Cells were incubated with phorbol 12-myristate 13-acetate (PMA; 50 ng/ml; Sigma), ionomycin (1 μg/ml; Sigma), and Brefeldin A (1 μl/ml; BD Biosciences) at 37 °C for 4 hours and stained with anti-CD4-APC (Biolegend), anti-TCRβ-FITC (Biolegend) and fixable viability dye (eBioscience). For intracellular staining, cells were fixed and permeabilized using fixation/permeabilization buffer (eBioscience) and stained with anti-IL-17-PECy7 (biolegend), anti-IFNγ-PE (BD pharmingen), and anti-FOXP3-PE (eBioscience) in permeabilization buffer (eBioscience). Data were collected on Gallios flow cytometer (Beckman Coulter) and analyzed with Flowjo 10.0 software.

Cell culture and measurement of cytokines

Popliteal lymph nodes (pLN) were disrupted on a 70 µm cell strainer. LPLs (4 × 105 cells/well) and pLN cells (2 × 105 cells/well) were cultured with PMA (50 ng/ml; sigma) and ionomycin (1 µg/ml; Sigma) for 6 hours. Cytokine concentrations in culture supernatants and mice sera were measured by Luminex using the mouse cytokine/chemokine magnetic bead kits (Bio-Rad).

RNA isolation and quantitative real-time PCR

Tissues were homogenized using a MagNA lyser instrument (Roche). RNA was isolated in TRIzol reagent (Sigma) as described before27. Quantitative real-time PCR (qRT-PCR) was performed using the StepOne System (Applied Biosystems) using the SYBR green Master Mix (Applied Biosystems). Primer sequences are shown in Supplementary Table S2.

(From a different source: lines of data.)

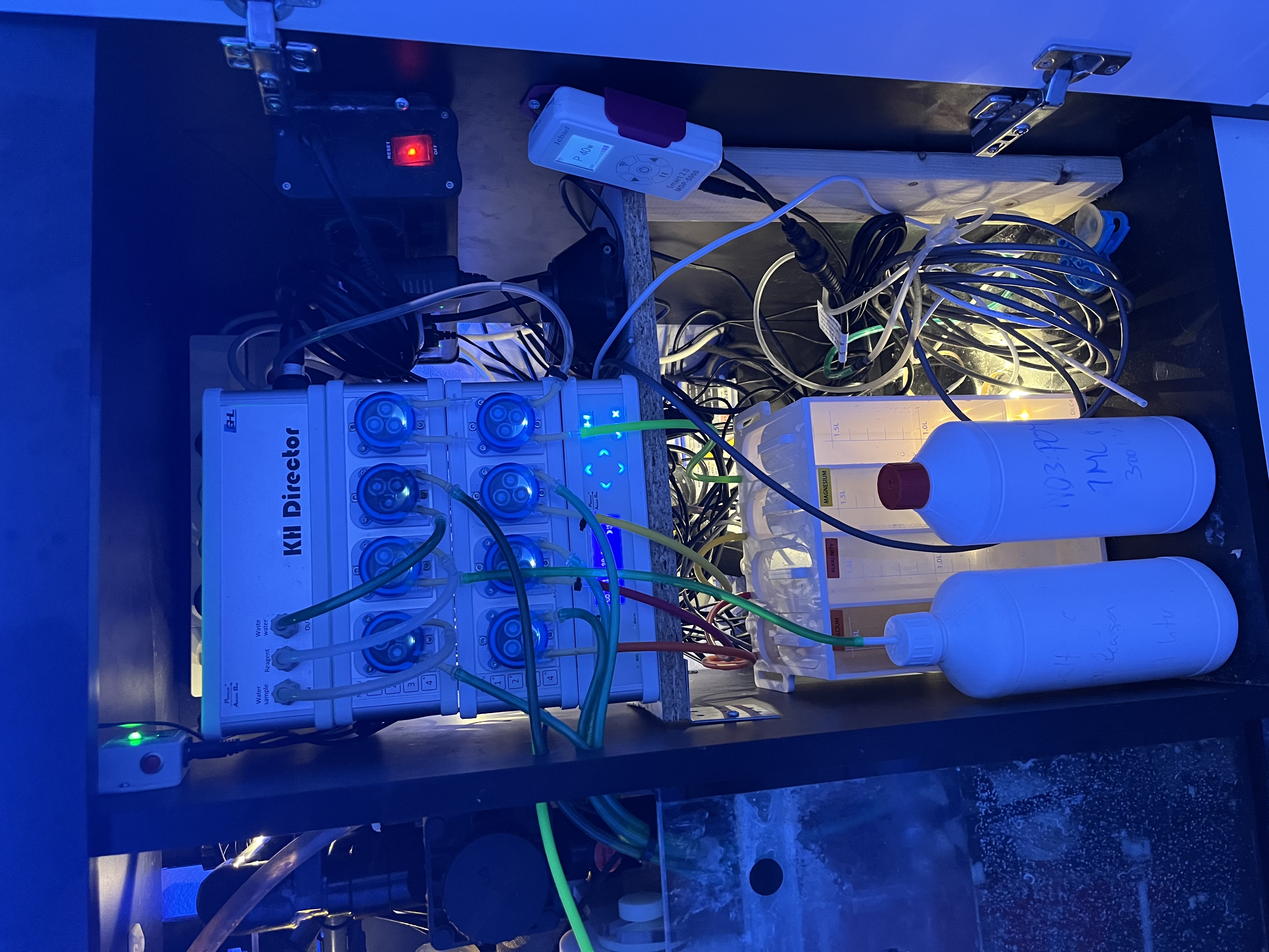 Jeg skal have køb to små skabe (noget Ikea gejl) der kan stå på hver side af akvarier, et der kan huse auto topoff vand beholderen og et hvor profiluxen med tilhørende AF Balling beholderen skal stå (og måske noget plankton bryg) så jeg kan benytte det ekstra rum under akvariet til kabelhåndtering.
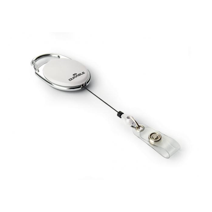 Štýlový oválny vysúvací kotúč s možnosťou vysunutia do 80 cm a kovovým klipom na rubovej strane. Vhodný na uchytenie všetkých visačiek značky DURABLE s perforáciou. Balenie 10 ks.
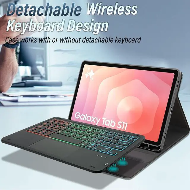 Compatibility ModelTouchpad Wireless Keyboard Case Exclusively designed for Samsung Galaxy Tab S11 5G 11 inch (Model SM-X730/X736B) 2025 Release tablet, NOT compatible with any other Galaxy models, please check your tablet model before buying. ^^ 3-Zone 7 Color BacklitBacklit Detachable Keyboard makes your keyboard gorgeous and special, typing fun and easy in the dark/night. Built-in long life Lithium-ion battery and high quality waterproof keyboard conductive film, Adjustable backlight allows you to personalize your setup, match specific working conditions and showcase your favorite colors. Make it easier to find your keys in the dark.
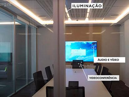 Con tecnologia de ponta, as salas permitem reuniões presenciais ou à distância de uma forma muito fluída e com alta qualidade de som e imagem.
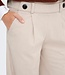 Het model heeft een brede tailleband met elastiek achteraan, wat zorgt voor een comfortabele pasvorm en mooie aansluiting. De sierknopen aan de voorkant en de bandplooi geven de broek een verfijnde uitstraling, terwijl de steekzakken zorgen voor praktisch gemak.
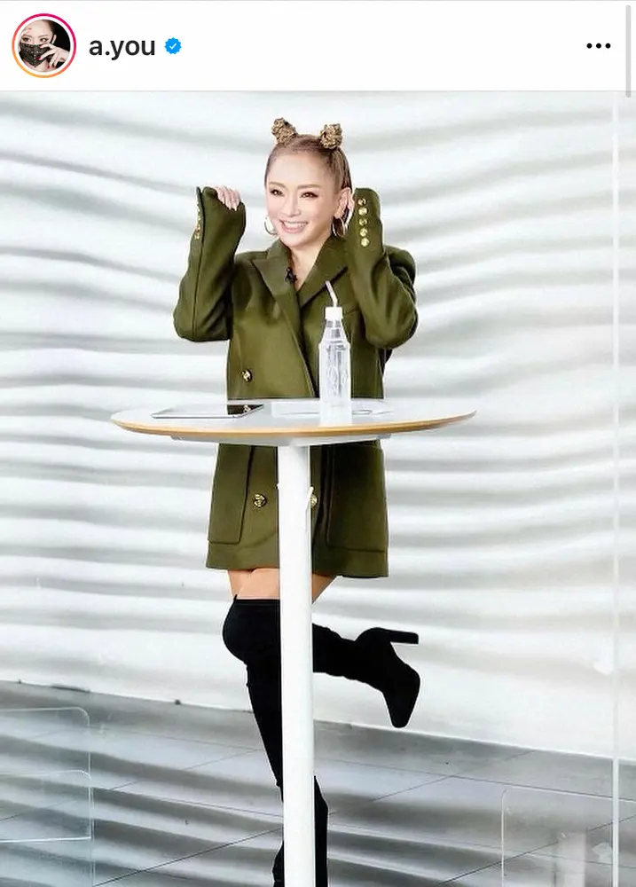 浜崎あゆみ お気に入りファッションの全身ショット ニーハイからスラリと美脚「バブリールック熱が復活」
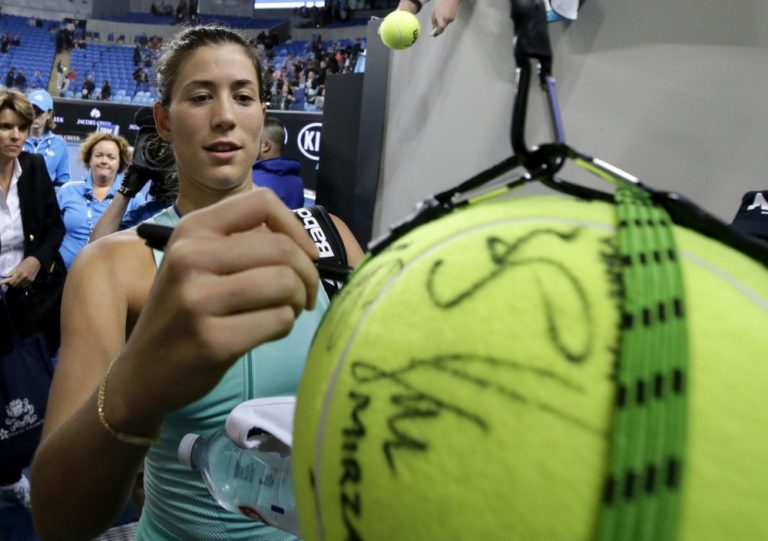 Španielska tenistka Garbine Muguruzová-Blancová rozdáva autogramy po zápase 3. kola Australian Open, v ktorom zdolala Lotyšku Anastasiju Sevastovovú 6:4, 6:2. Melbourne, 20. január 2017.
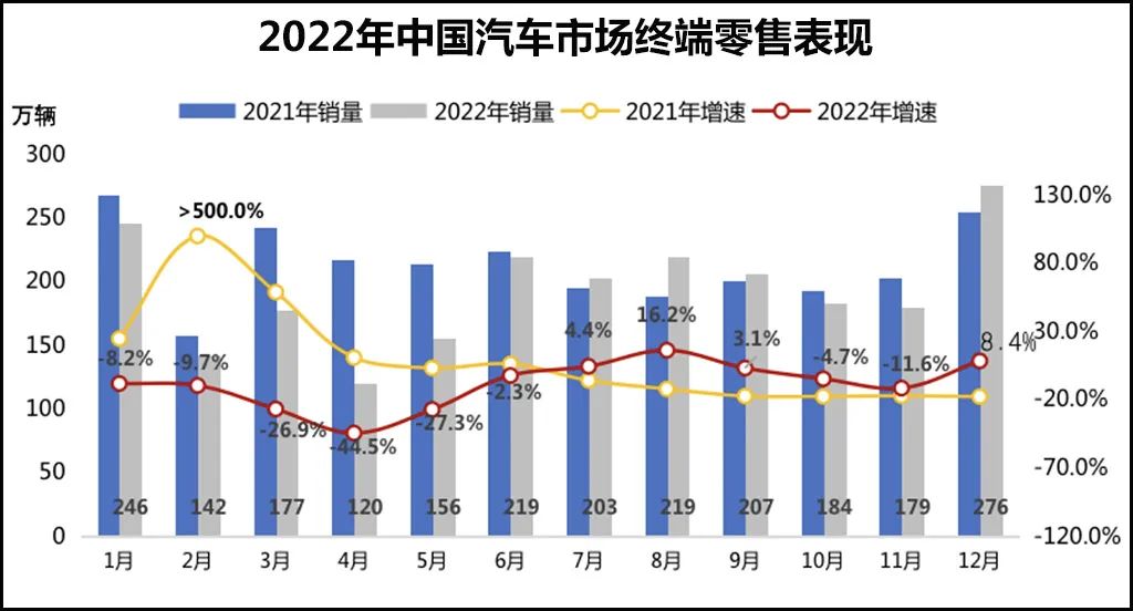 2022年,在国内宏观经济下行、二次疫情反复,国际芯片短缺延续、油价和原材料价格高涨等多重负面因素冲击下,中国汽车行业面临前所未有的下行压力,全年终端零售2328.4万辆,同比2021年下降8.9%,销量规模创2015年以来最低水平,市场尽显疲软态势。
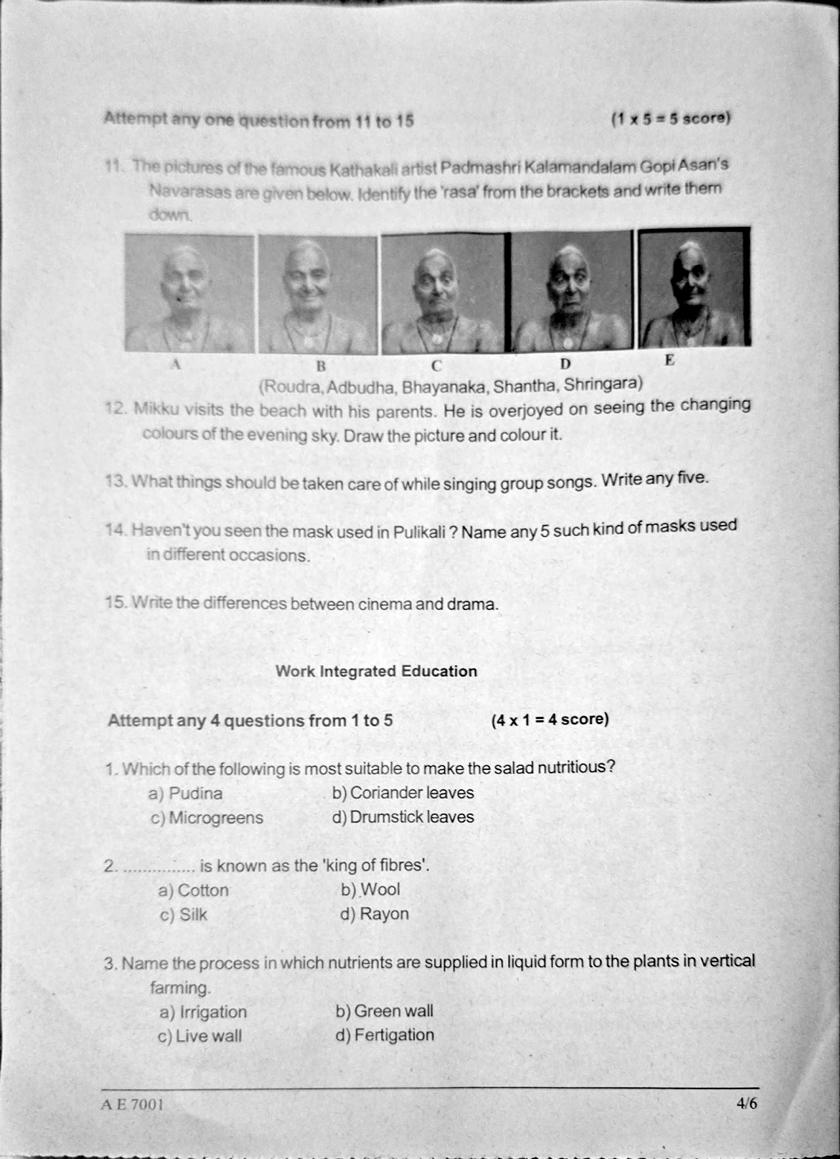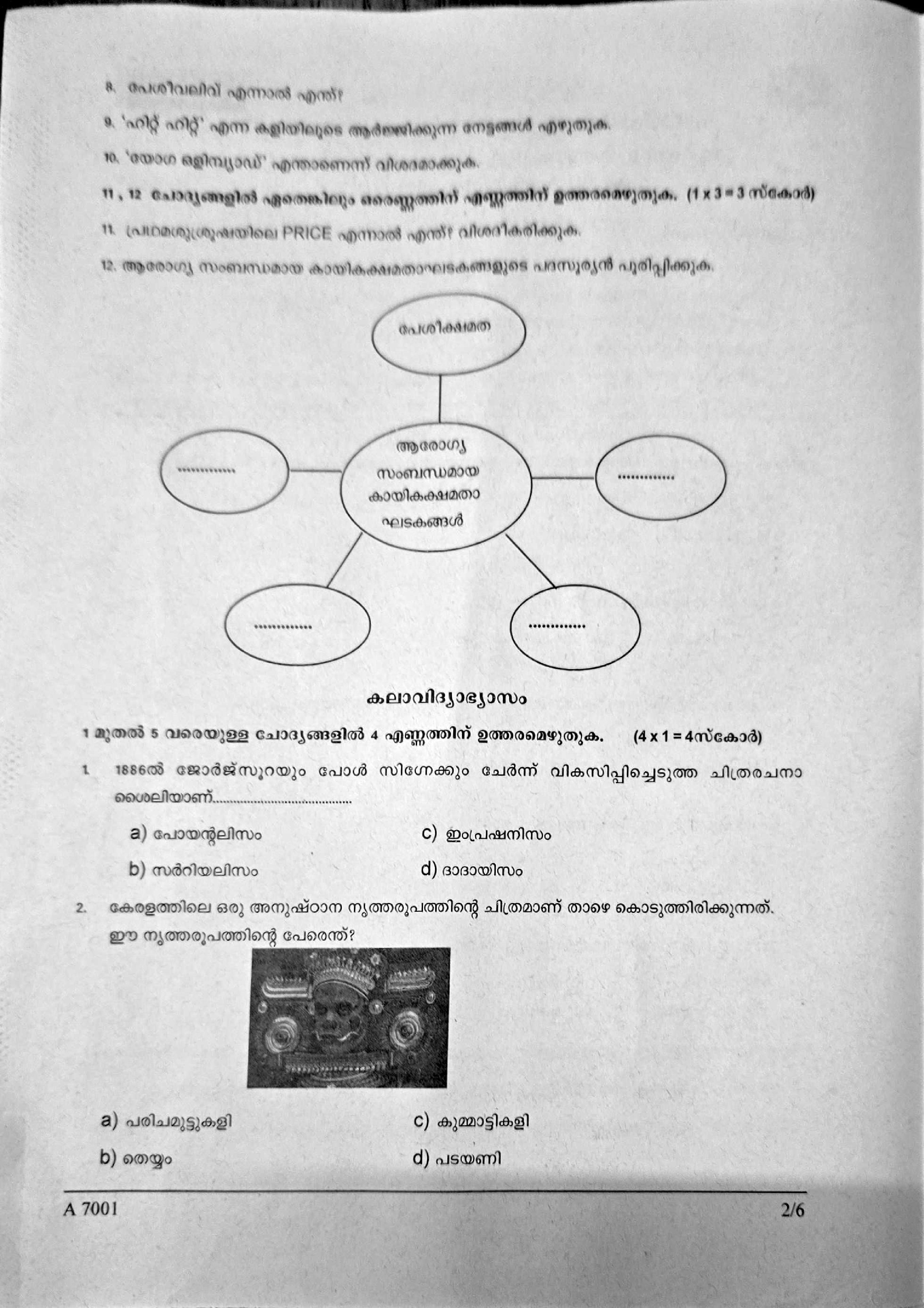The Kerala Syllabus Question Papers for class 7th Class 7 Health and Physical Education, Art Education, Work Education is as follows.
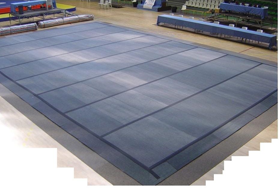 Помост соревновательный для ушу таолу с настилом, соответствует требованиям Федерации Ушу (IWUF).Настил: демпфирующий слой составной конструкции из многослойной клееной фанеры.Фанерный настил на вставках ППЭ высотой 9,5см ,соединеные между собой и обкладочными матами по периметру.
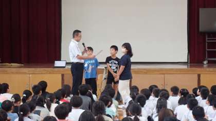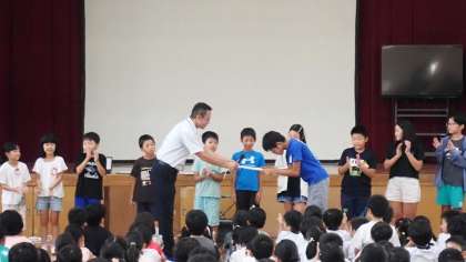 朝会のあとは、図工の作品で表彰を受けたみなさんの表彰式を行いました。代表の子どもに校長先生から賞状を渡していただき、賞をもらったみんなに大きな拍手がおくられました。
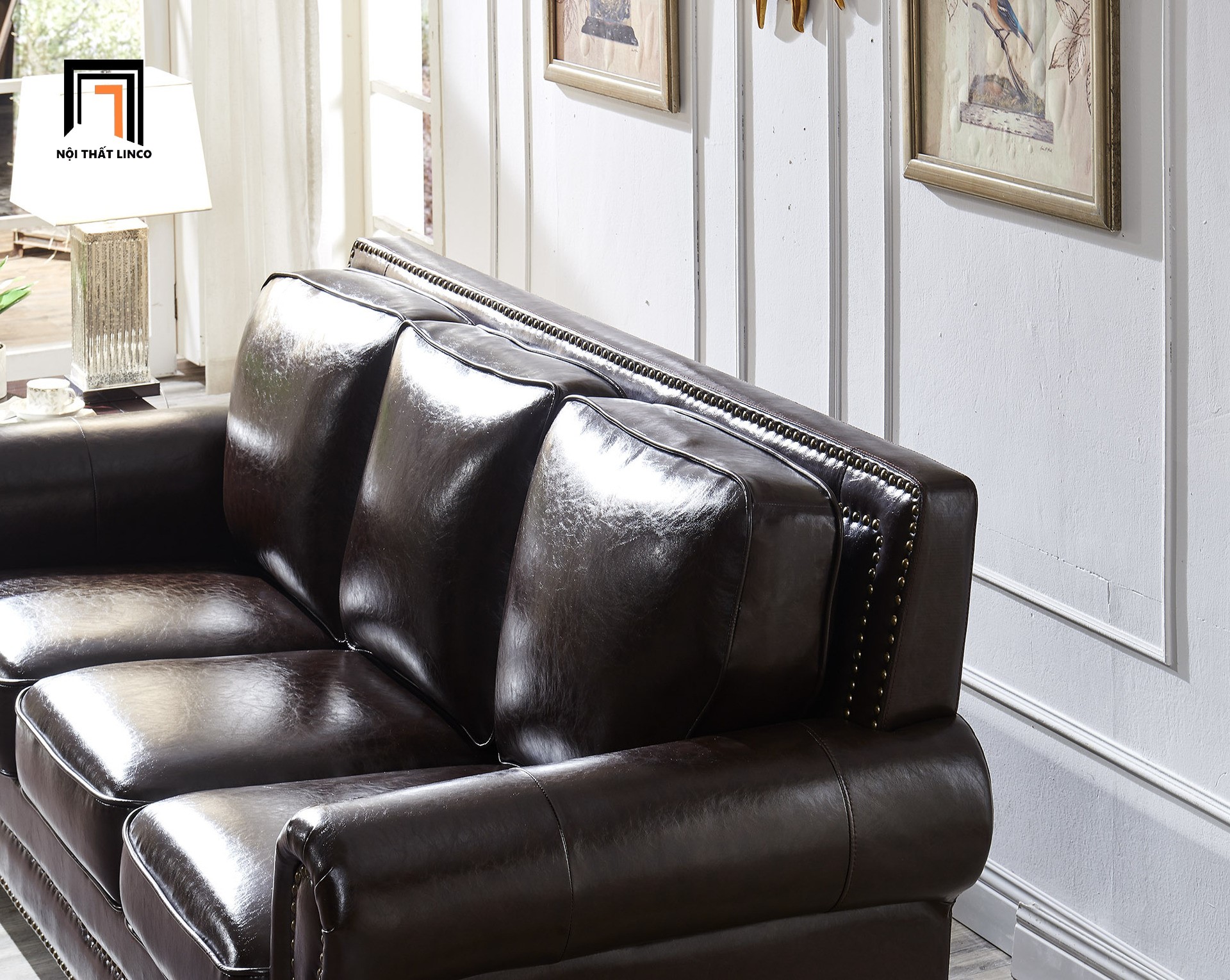 J1 Bộ ghế sofa phòng khách châu Âu KT162 Clyro da Pu nâu đậm
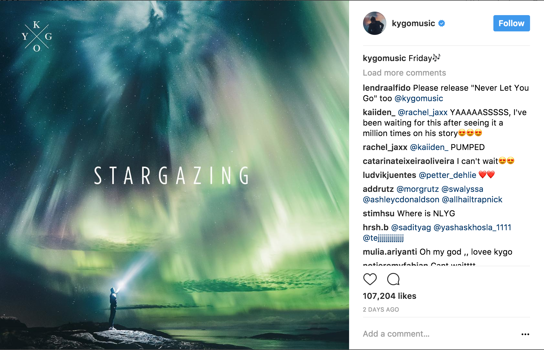 Một tài năng khác của âm nhạc điện tử thế giới là Kygo cũng chuẩn bị cho lên sóng ca khúc mới. Với tên gọi Stargazing, sản phẩm này sẽ chính thức được ra mắt vào thứ 6 (22/9) này. Trong đó, ông hoàng của Tropical House đã đem track này ra chơi tại rất nhiều festival. Và dĩ nhiên, nó đã nhận được những phản hồi tích cực của người hâm mộ. Cùng nghe thử và cho chúng tôi biết cảm nghĩ của bạn về Stargazing nhé:
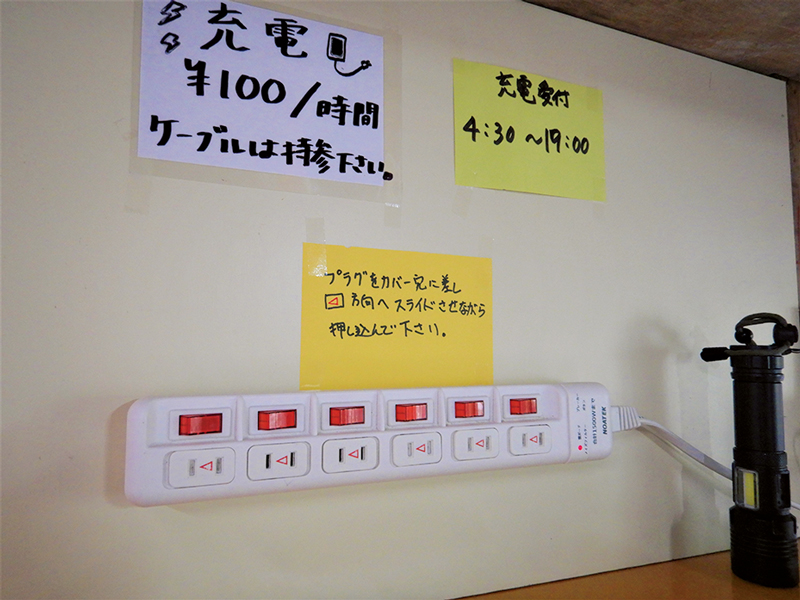 1時間100円で携帯電話を充電できるコーナーが食堂内にある。数に限りがあるので混雑時はひとり20分まで。なるべく自身のポータブルバッテリーで賄おう。

Measurement of anti-collagen antibodies

Anti-mouse CII IgG1 and IgG2a antibodies were determined in serum using ELISA, as reported before80. Briefly, 96 wells plates were coated with 0.1 µg of mouse type II collagen (chondrex). Non-specific binding sites were blocked by a 5% solution of milk powder. Serial dilutions of mouse sera were added, followed by incubation with peroxidase-labeled isotype-specific goat-anti-mouse-IgG antibodies and 5-aminosalicylic acid as substrate. Absorbance was measured at 450 nm.

SAA serum levels

Serum amyloid A in serum was measured with ELISA (R&D systems) according to the manufacturer’s guidelines.

Histology

Total ankle joints were isolated and fixed in 4% formaldehyde for 4 days, thereafter decalcified in 5% formic acid and embedded in paraffin. Tissue sections of 7 μM were stained using hematoxylin and eosin to study synovial inflammation, cartilage destruction, and bone erosion.

Statistics

Differences in the relative abundance of bacterial taxa between groups were evaluated using Mann-Whitney test. Differences in operational taxonomic units (OTUs) were evaluated using two-tailed Student’s t-test. We corrected for multiple testing using the Benjamini and Hochberg procedure with false discovery rate (FDR) set at 10%, and differences with a p-value < 0.05 which passed the FDR test were considered statistically significant. Mann-Whitney U test was used to compare cell and cytokine levels between treatment groups. For arthritis scores, two-tailed Mann-Whitney U test was performed for area under the curve. Correlations were examined using Spearman’s rank test. Statistical significance was indicated on figures as follows: *P < 0.05, **P < 0.01, ***P < 0.001.